▶ **Activity**
Set down all of the data exactly. Pictures stay out of the copy.

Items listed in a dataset
★ ★ ★ ★ ★
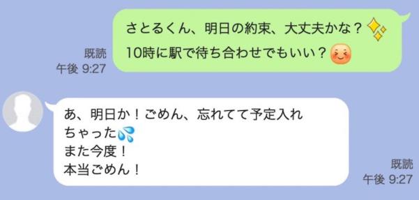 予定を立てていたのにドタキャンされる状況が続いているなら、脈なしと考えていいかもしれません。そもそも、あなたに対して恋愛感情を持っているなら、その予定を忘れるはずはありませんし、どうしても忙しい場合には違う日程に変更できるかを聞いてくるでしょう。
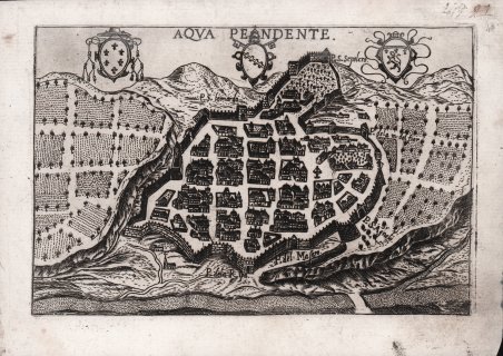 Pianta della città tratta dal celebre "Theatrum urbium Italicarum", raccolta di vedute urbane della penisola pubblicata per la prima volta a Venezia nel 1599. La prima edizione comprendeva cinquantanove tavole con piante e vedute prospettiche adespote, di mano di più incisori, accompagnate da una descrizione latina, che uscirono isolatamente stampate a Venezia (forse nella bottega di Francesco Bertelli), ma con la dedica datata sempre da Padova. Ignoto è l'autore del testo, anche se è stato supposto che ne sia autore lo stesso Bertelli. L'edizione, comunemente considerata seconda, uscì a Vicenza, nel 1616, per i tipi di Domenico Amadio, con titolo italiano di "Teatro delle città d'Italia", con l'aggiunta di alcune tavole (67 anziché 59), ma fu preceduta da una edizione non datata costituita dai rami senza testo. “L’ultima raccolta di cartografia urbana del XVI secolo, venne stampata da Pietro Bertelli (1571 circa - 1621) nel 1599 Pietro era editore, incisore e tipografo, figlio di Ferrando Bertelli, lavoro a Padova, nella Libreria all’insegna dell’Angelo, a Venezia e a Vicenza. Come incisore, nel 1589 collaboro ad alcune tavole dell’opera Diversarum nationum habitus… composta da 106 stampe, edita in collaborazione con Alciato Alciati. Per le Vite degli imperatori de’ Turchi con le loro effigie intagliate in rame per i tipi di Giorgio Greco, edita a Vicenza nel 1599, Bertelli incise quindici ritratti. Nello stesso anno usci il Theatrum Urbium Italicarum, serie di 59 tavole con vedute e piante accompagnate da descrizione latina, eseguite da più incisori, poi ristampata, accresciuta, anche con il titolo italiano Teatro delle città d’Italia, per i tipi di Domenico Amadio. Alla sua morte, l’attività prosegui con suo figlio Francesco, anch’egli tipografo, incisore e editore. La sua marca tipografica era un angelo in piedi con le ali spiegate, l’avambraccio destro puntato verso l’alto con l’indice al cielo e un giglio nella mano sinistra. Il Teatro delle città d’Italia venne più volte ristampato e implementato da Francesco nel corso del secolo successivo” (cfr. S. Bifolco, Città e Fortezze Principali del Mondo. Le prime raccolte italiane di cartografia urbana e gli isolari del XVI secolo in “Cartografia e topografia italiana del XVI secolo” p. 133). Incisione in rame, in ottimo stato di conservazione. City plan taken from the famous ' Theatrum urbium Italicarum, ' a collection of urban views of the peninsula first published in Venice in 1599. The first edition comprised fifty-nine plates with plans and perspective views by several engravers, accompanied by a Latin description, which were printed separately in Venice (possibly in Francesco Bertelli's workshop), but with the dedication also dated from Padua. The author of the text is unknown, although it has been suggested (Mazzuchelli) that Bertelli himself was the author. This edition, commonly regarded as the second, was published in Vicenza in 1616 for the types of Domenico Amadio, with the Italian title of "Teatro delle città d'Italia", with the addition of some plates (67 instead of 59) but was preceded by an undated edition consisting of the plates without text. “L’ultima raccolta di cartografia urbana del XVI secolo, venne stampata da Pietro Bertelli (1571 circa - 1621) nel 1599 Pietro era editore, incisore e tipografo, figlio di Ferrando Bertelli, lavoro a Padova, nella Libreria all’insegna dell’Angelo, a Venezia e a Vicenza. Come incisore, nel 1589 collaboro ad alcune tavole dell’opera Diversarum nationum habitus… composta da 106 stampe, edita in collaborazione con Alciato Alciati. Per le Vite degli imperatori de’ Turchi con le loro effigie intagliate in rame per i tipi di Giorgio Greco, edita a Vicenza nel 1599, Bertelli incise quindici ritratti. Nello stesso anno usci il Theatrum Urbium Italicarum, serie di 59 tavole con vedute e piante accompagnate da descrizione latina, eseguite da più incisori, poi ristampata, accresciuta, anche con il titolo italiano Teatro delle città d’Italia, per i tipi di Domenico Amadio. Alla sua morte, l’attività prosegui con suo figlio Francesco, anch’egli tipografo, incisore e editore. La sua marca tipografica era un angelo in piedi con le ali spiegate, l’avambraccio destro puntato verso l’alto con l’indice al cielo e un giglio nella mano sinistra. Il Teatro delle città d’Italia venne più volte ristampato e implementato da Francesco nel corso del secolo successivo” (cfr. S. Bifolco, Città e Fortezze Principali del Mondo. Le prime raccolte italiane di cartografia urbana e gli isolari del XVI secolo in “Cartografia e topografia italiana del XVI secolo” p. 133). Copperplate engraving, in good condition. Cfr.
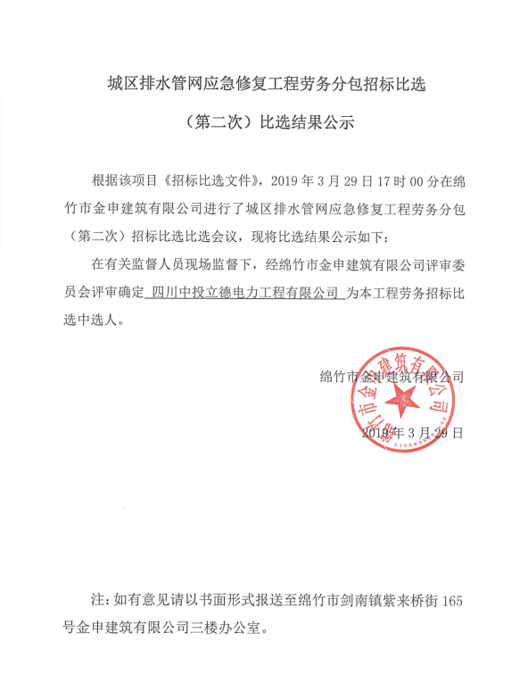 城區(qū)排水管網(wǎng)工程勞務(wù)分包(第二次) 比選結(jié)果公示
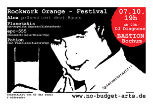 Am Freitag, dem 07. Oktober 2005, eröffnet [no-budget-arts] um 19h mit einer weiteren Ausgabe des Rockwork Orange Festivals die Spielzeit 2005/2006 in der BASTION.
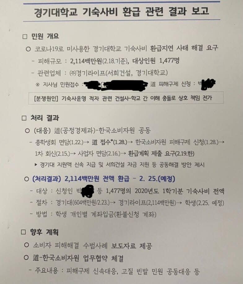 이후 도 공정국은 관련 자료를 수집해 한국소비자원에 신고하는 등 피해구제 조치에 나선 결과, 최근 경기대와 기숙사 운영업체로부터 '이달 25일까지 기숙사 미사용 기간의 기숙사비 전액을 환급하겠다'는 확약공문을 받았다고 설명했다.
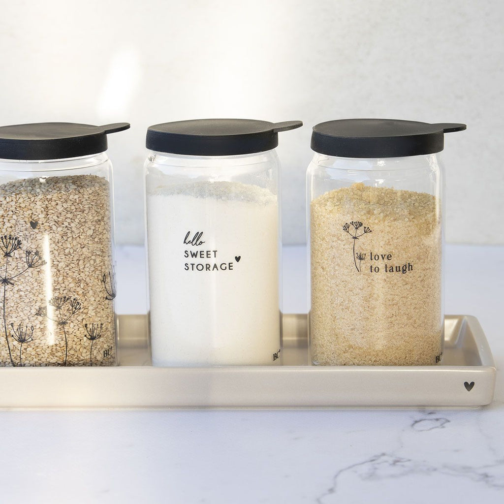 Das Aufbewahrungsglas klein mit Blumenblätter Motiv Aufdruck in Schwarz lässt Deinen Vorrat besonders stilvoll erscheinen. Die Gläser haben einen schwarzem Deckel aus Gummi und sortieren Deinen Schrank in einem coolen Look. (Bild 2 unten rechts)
★ ★ ★ ★ ★
▶ **Reply**
 予定を立てていたのにドタキャンされる状況が続いているなら、脈なしと考えていいかもしれません。そもそも、あなたに対して恋愛感情を持っているなら、その予定を忘れるはずはありませんし、どうしても忙しい場合には違う日程に変更できるかを聞いてくるでしょう。
 Pianta della città tratta dal celebre "Theatrum urbium Italicarum", raccolta di vedute urbane della penisola pubblicata per la prima volta a Venezia nel 1599. La prima edizione comprendeva cinquantanove tavole con piante e vedute prospettiche adespote, di mano di più incisori, accompagnate da una descrizione latina, che uscirono isolatamente stampate a Venezia (forse nella bottega di Francesco Bertelli), ma con la dedica datata sempre da Padova. Ignoto è l'autore del testo, anche se è stato supposto che ne sia autore lo stesso Bertelli. L'edizione, comunemente considerata seconda, uscì a Vicenza, nel 1616, per i tipi di Domenico Amadio, con titolo italiano di "Teatro delle città d'Italia", con l'aggiunta di alcune tavole (67 anziché 59), ma fu preceduta da una edizione non datata costituita dai rami senza testo. “L’ultima raccolta di cartografia urbana del XVI secolo, venne stampata da Pietro Bertelli (1571 circa - 1621) nel 1599 Pietro era editore, incisore e tipografo, figlio di Ferrando Bertelli, lavoro a Padova, nella Libreria all’insegna dell’Angelo, a Venezia e a Vicenza. Come incisore, nel 1589 collaboro ad alcune tavole dell’opera Diversarum nationum habitus… composta da 106 stampe, edita in collaborazione con Alciato Alciati. Per le Vite degli imperatori de’ Turchi con le loro effigie intagliate in rame per i tipi di Giorgio Greco, edita a Vicenza nel 1599, Bertelli incise quindici ritratti. Nello stesso anno usci il Theatrum Urbium Italicarum, serie di 59 tavole con vedute e piante accompagnate da descrizione latina, eseguite da più incisori, poi ristampata, accresciuta, anche con il titolo italiano Teatro delle città d’Italia, per i tipi di Domenico Amadio. Alla sua morte, l’attività prosegui con suo figlio Francesco, anch’egli tipografo, incisore e editore. La sua marca tipografica era un angelo in piedi con le ali spiegate, l’avambraccio destro puntato verso l’alto con l’indice al cielo e un giglio nella mano sinistra. Il Teatro delle città d’Italia venne più volte ristampato e implementato da Francesco nel corso del secolo successivo” (cfr. S. Bifolco, Città e Fortezze Principali del Mondo. Le prime raccolte italiane di cartografia urbana e gli isolari del XVI secolo in “Cartografia e topografia italiana del XVI secolo” p. 133). Incisione in rame, in ottimo stato di conservazione. City plan taken from the famous ' Theatrum urbium Italicarum, ' a collection of urban views of the peninsula first published in Venice in 1599. The first edition comprised fifty-nine plates with plans and perspective views by several engravers, accompanied by a Latin description, which were printed separately in Venice (possibly in Francesco Bertelli's workshop), but with the dedication also dated from Padua. The author of the text is unknown, although it has been suggested (Mazzuchelli) that Bertelli himself was the author. This edition, commonly regarded as the second, was published in Vicenza in 1616 for the types of Domenico Amadio, with the Italian title of "Teatro delle città d'Italia", with the addition of some plates (67 instead of 59) but was preceded by an undated edition consisting of the plates without text. “L’ultima raccolta di cartografia urbana del XVI secolo, venne stampata da Pietro Bertelli (1571 circa - 1621) nel 1599 Pietro era editore, incisore e tipografo, figlio di Ferrando Bertelli, lavoro a Padova, nella Libreria all’insegna dell’Angelo, a Venezia e a Vicenza. Come incisore, nel 1589 collaboro ad alcune tavole dell’opera Diversarum nationum habitus… composta da 106 stampe, edita in collaborazione con Alciato Alciati. Per le Vite degli imperatori de’ Turchi con le loro effigie intagliate in rame per i tipi di Giorgio Greco, edita a Vicenza nel 1599, Bertelli incise quindici ritratti. Nello stesso anno usci il Theatrum Urbium Italicarum, serie di 59 tavole con vedute e piante accompagnate da descrizione latina, eseguite da più incisori, poi ristampata, accresciuta, anche con il titolo italiano Teatro delle città d’Italia, per i tipi di Domenico Amadio. Alla sua morte, l’attività prosegui con suo figlio Francesco, anch’egli tipografo, incisore e editore. La sua marca tipografica era un angelo in piedi con le ali spiegate, l’avambraccio destro puntato verso l’alto con l’indice al cielo e un giglio nella mano sinistra. Il Teatro delle città d’Italia venne più volte ristampato e implementato da Francesco nel corso del secolo successivo” (cfr. S. Bifolco, Città e Fortezze Principali del Mondo. Le prime raccolte italiane di cartografia urbana e gli isolari del XVI secolo in “Cartografia e topografia italiana del XVI secolo” p. 133). Copperplate engraving, in good condition. Cfr.
 城區(qū)排水管網(wǎng)工程勞務(wù)分包(第二次) 比選結(jié)果公示
 Am Freitag, dem 07. Oktober 2005, eröffnet [no-budget-arts] um 19h mit einer weiteren Ausgabe des Rockwork Orange Festivals die Spielzeit 2005/2006 in der BASTION.
 이후 도 공정국은 관련 자료를 수집해 한국소비자원에 신고하는 등 피해구제 조치에 나선 결과, 최근 경기대와 기숙사 운영업체로부터 '이달 25일까지 기숙사 미사용 기간의 기숙사비 전액을 환급하겠다'는 확약공문을 받았다고 설명했다.
 Das Aufbewahrungsglas klein mit Blumenblätter Motiv Aufdruck in Schwarz lässt Deinen Vorrat besonders stilvoll erscheinen. Die Gläser haben einen schwarzem Deckel aus Gummi und sortieren Deinen Schrank in einem coolen Look. (Bild 2 unten rechts)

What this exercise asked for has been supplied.